As illustrated in FIG. 5, in accordance with an embodiment, a merge logic 440 can determine, based on the comparable sizes of the plurality of slices, whether to merge two or more slices, including, in this example, to merge a plurality of slices A and C (442), such that they are again accessed 444 as a single (A+C) slice, and associated with a single or merged (A+C) storage container 446.

In accordance with an embodiment, the system supports automatically merging incremental data slices during a data load to an aggregate storage database. Using the AUTOMERGE and AUTOMERGEMAXSLICENUMBER configuration settings, an administrator or other user can specify whether a multidimensional database (e.g., Essbase) environment automatically merges incremental data slices during a data load to an aggregate storage database.

In accordance with an embodiment, AUTOMERGE configuration setting options include:

ALWAYS—Specifies to automatically merge incremental data slices during a data load to an aggregate storage database. In accordance with an embodiment, by default, merges are executed once for every four consecutive incremental data slices. If, however, the AUTOMERGEMAXSLICENUMBER configuration setting is used, the auto-merge process is activated when the AUTOMERGEMAXSLICENUMBER value is exceeded. The size of the incremental data slices is not a factor in selecting which ones are merged. In accordance with an embodiment, the default value is ALWAYS.
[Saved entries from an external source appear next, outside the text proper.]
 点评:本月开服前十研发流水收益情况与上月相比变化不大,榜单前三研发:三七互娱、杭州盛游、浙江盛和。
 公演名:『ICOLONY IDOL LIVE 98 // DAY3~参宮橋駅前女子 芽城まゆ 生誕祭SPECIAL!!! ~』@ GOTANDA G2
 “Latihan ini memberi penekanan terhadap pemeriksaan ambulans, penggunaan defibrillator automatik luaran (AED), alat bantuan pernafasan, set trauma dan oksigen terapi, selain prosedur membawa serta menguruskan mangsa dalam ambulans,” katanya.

NEVER—Specifies to never automatically merge incremental data slices during a data load to an aggregate storage database. To manually merge incremental data slices, use the alter database MaxL statement with the merge grammar.
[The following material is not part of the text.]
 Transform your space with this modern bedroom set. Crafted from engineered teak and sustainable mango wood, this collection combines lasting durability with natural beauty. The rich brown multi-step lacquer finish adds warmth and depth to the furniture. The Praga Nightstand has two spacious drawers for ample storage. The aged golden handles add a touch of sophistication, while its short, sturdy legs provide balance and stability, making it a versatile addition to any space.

SELECTIVE—Specifies to activate the incremental data slice auto-merge process when the number of incremental data slices specified in the AUTOMERGEMAXSLICENUMBER configuration setting is exceeded. If the number of incremental data slices in the data load does not exceed the value of AUTOMERGEMAXSLICENUMBER, the auto-merge process is not activated.

In accordance with an embodiment, an example syntax can include:

In accordance with an embodiment, an administrator or other user can merge all incremental data slices into the main database slice or merge all incremental data slices into a single data slice while leaving the main database slice unchanged. To merge slices, they must have the same privileges as for loading data (e.g., Administrator or Database Manager permissions). After the new input view is written to the database, the system creates aggregate views for the slice. The views created for the new slice are a subset of the views that exist on the main database slice.
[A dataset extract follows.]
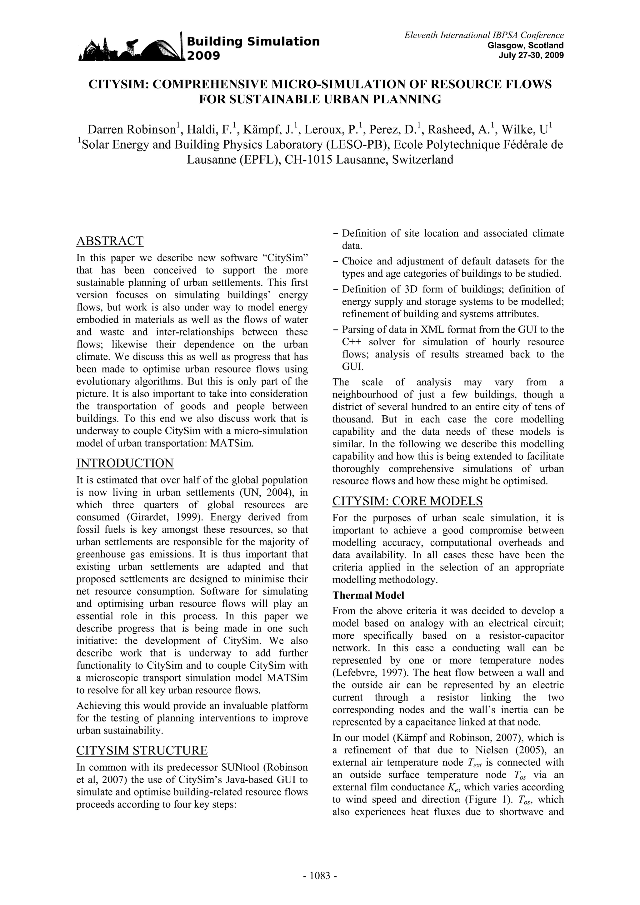 CitySim is micro-simulation software for comprehensively modeling and optimizing resource flows in urban planning. It simulates buildings' energy flows using a thermal circuit model and considers embodied energy and water/waste flows. CitySim couples with a transportation model to account for all key urban resource flows. This allows testing planning interventions to improve sustainability. Current work focuses on extending CitySim's modeling capabilities and optimizing urban resource flows using evolutionary algorithms.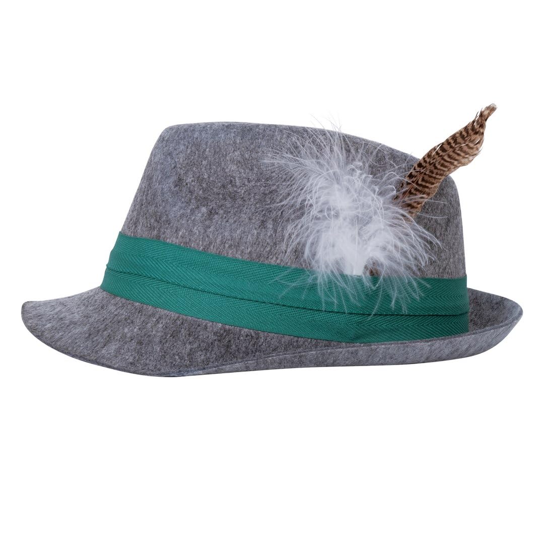 P’TIT CLOWN – 23845 – Chapeau Bavarois Adulte – Borsalino avec Ruban et Plumes – Chapeau Tyrolien – Accessoire Costume Oktoberfest, Fête de la Bière, Carnaval – Gris

In accordance with an embodiment, if an administrator or other user has cleared data from a region using the logical clear region operation, which results in a value of zero for the cells cleared, they can elect to remove zero value cells during the merge operation.

To perform merging operations, the user can use an alter database MaxL statement with a merge grammar. For example, to merge all incremental data slices into the main database slice, this statement can be used:

    • alter database ASOsamp.Sample merge all data;

To merge all incremental data slices into the main database slice and remove zero value cells, this statement can be used:

    • alter database ASOsamp.Sample merge all data remove_zero_cells;

To merge all incremental data slices into a single data slice, this statement can be used:

    • alter database ASOsamp.Sample merge incremental data;

Before copying an aggregate storage application, all incremental data slices should be merged into the main database slice; since data in unmerged incremental data slices is not copied.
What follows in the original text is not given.